DCIS

Hi

I've just been diagnosed with DCIS with calcifications. Surgery is booked in 2 weeks to remove part of my right breast and then wait for pathology to see if i need further surgery and or radiation.

It was such a shock as i was referred for my left breast which was fine. I'm really struggling with people's emotions as i haven't even processed it all myself and just feel numb. I don't want to offend anyone but i just need space and let it sink in as i haven't really reacted to the news.

Sorry for sounding like i don't appreciate people's caring nature's but i just feel over whelmed.

  • Your reactions are normal and the whole diagnosis procedure and cycle of appointments is both overwhelming and exhausting. You now have a treatment plan, until the surgery day, take it one day at a time.
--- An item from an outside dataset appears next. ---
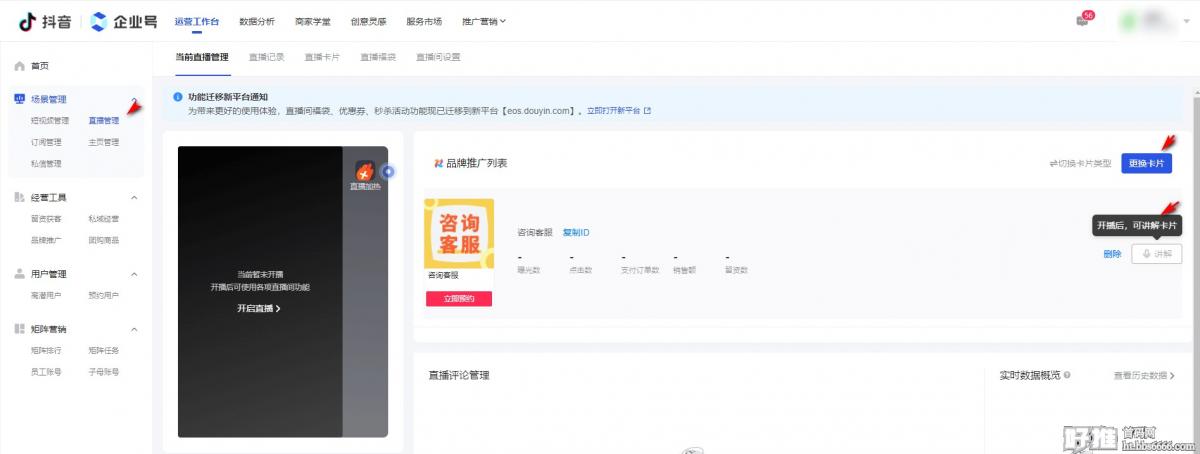 企业号后台场景管理-添加直播卡片-讲解,即可实现评论页链接跳转微信,详见上方效果演示(手机端直播也可操作设置,这里不再赘述)

Try and do something you enjoy each day but you could try doing a few things in readiness for the surgery such as sorting out bras and maybe putting some easy to cook meals on the freezer as you might find moving your arm post surgery is uncomfotable to begin with. 
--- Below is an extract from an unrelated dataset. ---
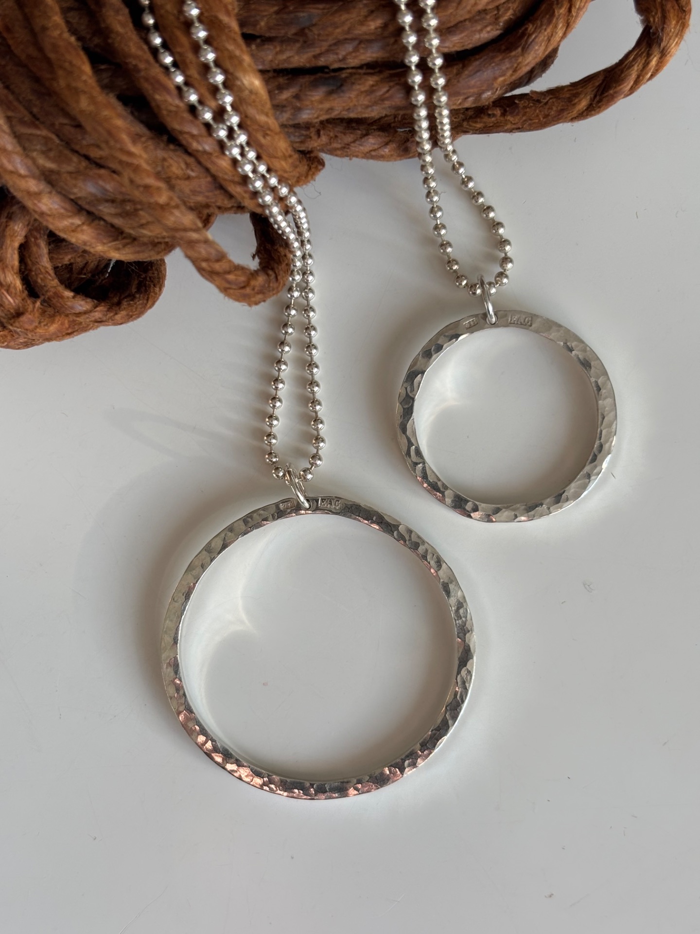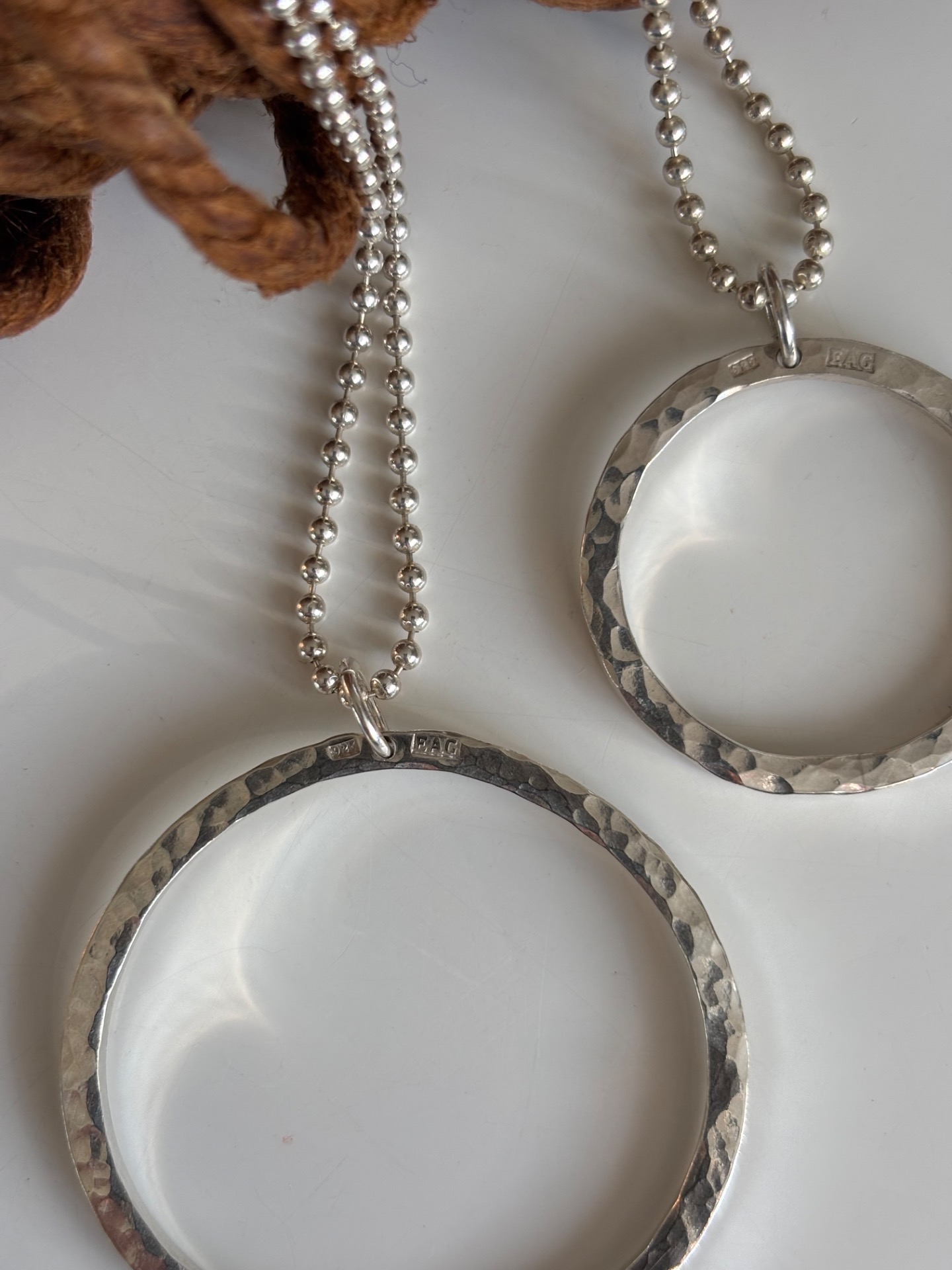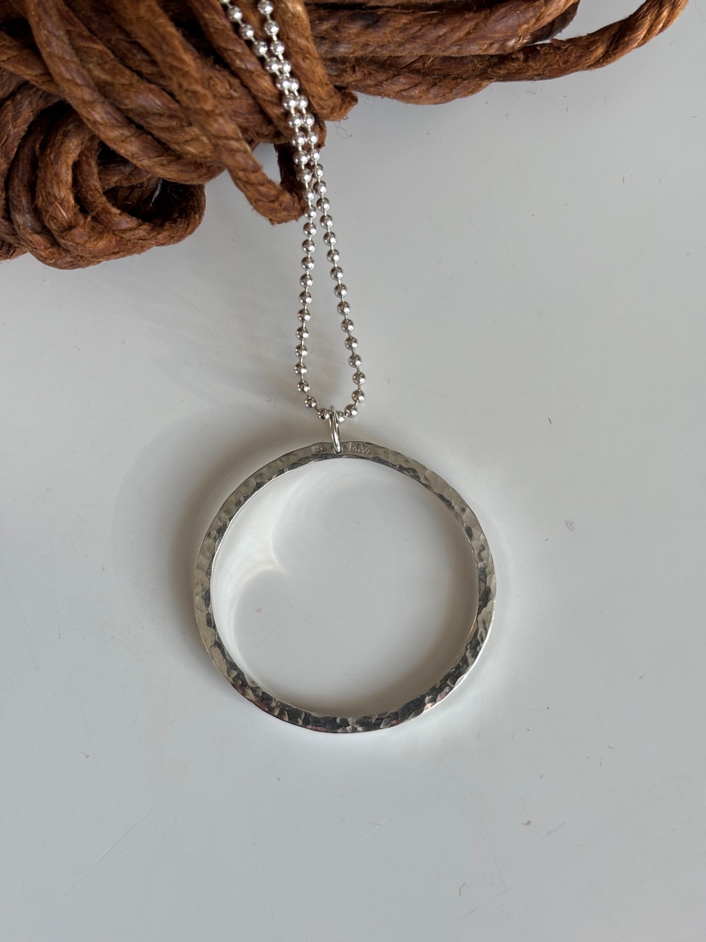 Lätt hamrat smycke av fyrkantig silvertråd. 2,5mm tjockt. Mäter 4,5cm rakt över. Välj längd på kedja.

  • Thank you thats good advice 

  • I was diagnosed with DCIS almost 12 months ago now.  I was told that DCIS is totally contained in the milk duct, is non invasive, is not life threatening and is totally treatable. I never lost sight of this and totally trusted my medical team. If you're unlucky enough to get breast cancer then these are all the things you want to hear.

    I had a wide local incision (lumpectomy) in January followed by a course of radiotherapy (15 sessions) over February and March.

    I kept a diary and just wrote my feelings in it whenever I felt like it. I came across it the other day and much of what I wrote now seems like a distant memory which shows just how far I've come in a few short months.

    I feel incredibly lucky that my cancer was found so early and am now considered cured. In fact my surgeon said that when my treatment was finished I would be cured. They don't say that easily with cancer.

    Take each day at a time and give youself the time to come to terms with your diagnosis. I found that talking about it helped me. People don't know how to react so I found that jumping in about it straight away got it out of the way and you can then talk about all the normal things.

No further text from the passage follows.